Plus de rallye. Vous en êtes sûr ?

Susanne s'immisce dans la conversation en disant que bien qu’ils aient évité de lui parler de rallye pendant plusieurs mois, ils ne l’ont jamais persuadé d’abandonner la course pour de bon. « Un jour, je l’ai appelé et lui ai demandé comment il allait. Il a dit qu’il allait bien, qu’il était dans le garage et qu’il travaillait sur une voiture. J’ai donc dit d’accord et je n’ai pas posé d’autres questions », se souvient la mère de Fredrik lorsqu’il a recommencé à s’intéresser aux voitures.

« Mon manager m’a appelé un jour et m’a dit : ‘Tout d’abord, nous devons remettre à neuf une voiture d’entraînement pour pouvoir la vendre et rembourser à tes parents une partie de l’argent investi.’ J’ai donc réalisé quelques petits travaux, en peignant les passages de roues en blanc et d’autres parties en noir. Et mon manager m’a dit : ‘Tu dois faire un rallye pour montrer à tout le monde que la voiture fonctionne bien’. Nous nous sommes donc alignés dans un petit rallye à Östersund. Nous n’avions qu’une roue de secours et un bidon de carburant », rit Fredrik.

Et Susanne d’ajouter : « Il m’a dit qu’il allait participer à un rallye et m’a demandé si j’allais venir. Évidemment, j’ai dit oui ! Et après la première étape, il m’a demandé : « Alors, qu’en penses-tu ? Comme je ne mens jamais à Fredrik ni à Mikaela, je lui ai dit : « Fredrik, passe à la vitesse supérieure, ne réfléchis pas, prends du plaisir ! Puis, il a gagné la deuxième étape, la troisième... À la fin, il a gagné sa classe. »

« Je me suis dit : ‘Ces petits rallyes sont une partie de plaisir. J’en ferai un de plus avant d’arrêter pour de bon. Et j’ai gagné à nouveau, alors j’ai dit : ‘Ok, une dernière victoire en Suède et puis j’en aurai fini’. Et j’ai encore gagné », dit Fredrik en décrivant comment il a progressivement remis le pied à l’étrier.

« Après cela, nous sommes allés en Norvège, où je me suis mesuré à Pontus Tidemand, qui est aujourd’hui pilote pour ŠKODA Motorsport. Il a gagné, et je suis arrivé deuxième. Un week-end plus tard, nous sommes allés au Rallye de Suède méridionale et je me suis à nouveau retrouvé face à Pontus.
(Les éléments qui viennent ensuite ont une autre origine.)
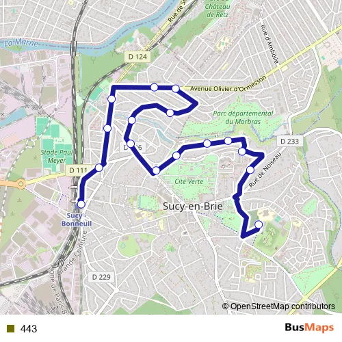 The first stop of the 443 bus route is Collège du Fort and the last stop is Gare de Sucy-Bonneuil. 443 is operational during entre semana.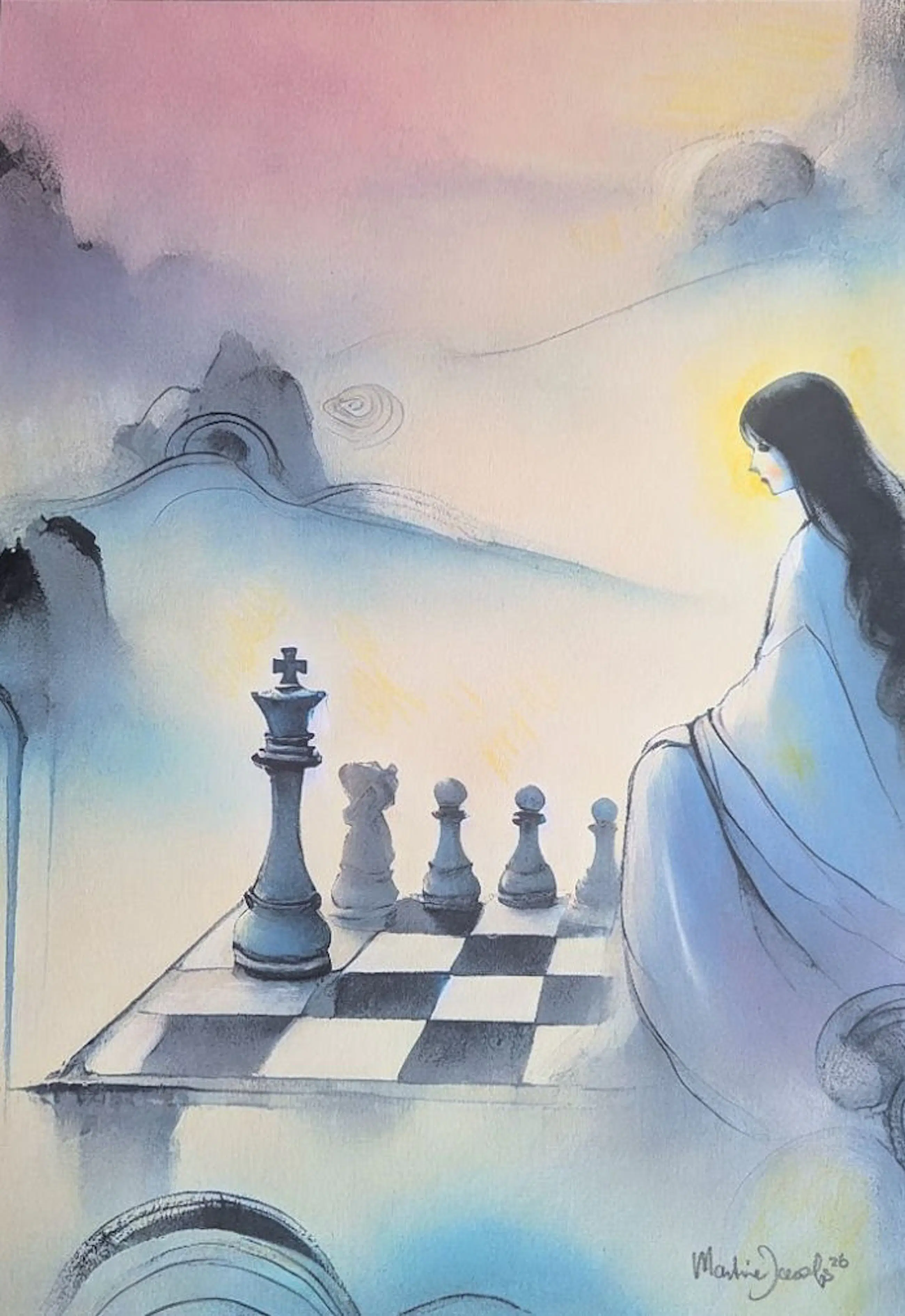 The Silent Game is een origineel kunstwerk, ontstaan uit een handmatig ingekleurde print die zorgvuldig is afgewerkt met pastelpotlood. Door dit ambachtelijke kleurproces is elk werk uniek. Het kunstwerk wordt geleverd met een ondertekend certificaat van echtheid, dat de originaliteit en artistieke waarde bevestigt.

C’était la course la plus folle que j’ai jamais vécue. Nous nous sommes battus pour chaque seconde, quelle pression ! J’ai finalement été le meilleur. À la fin de la saison 2013, j’avais gagné 11 des 13 rallyes auxquels j’ai participé », résume Fredrik.

N’oubliez pas de vous amuser

« J’ai redécouvert la joie du rallye. Quoi que vous fassiez, vous devez en profiter. Il ne faut pas le faire pour la réussite à tout prix. Si vous avez peur, vous ne réussirez pas - il y a fort à parier que vous échouerez. Vous devez avoir hâte de gagner, mais ne pas vous inquiéter d’un éventuel échec. Car si vous aimez ce que vous faites, vous serez détendu. De quoi obtenir de meilleurs résultats », explique Fredrik.

Sa mère Susanne acquiesce et ajoute : « Vous pouvez le voir à la posture des enfants sur les karts : si leurs épaules sont levées, ils sont stressés et font des erreurs. Quand leurs épaules sont abaissées, ils sont calmes et réussissent tout mieux. »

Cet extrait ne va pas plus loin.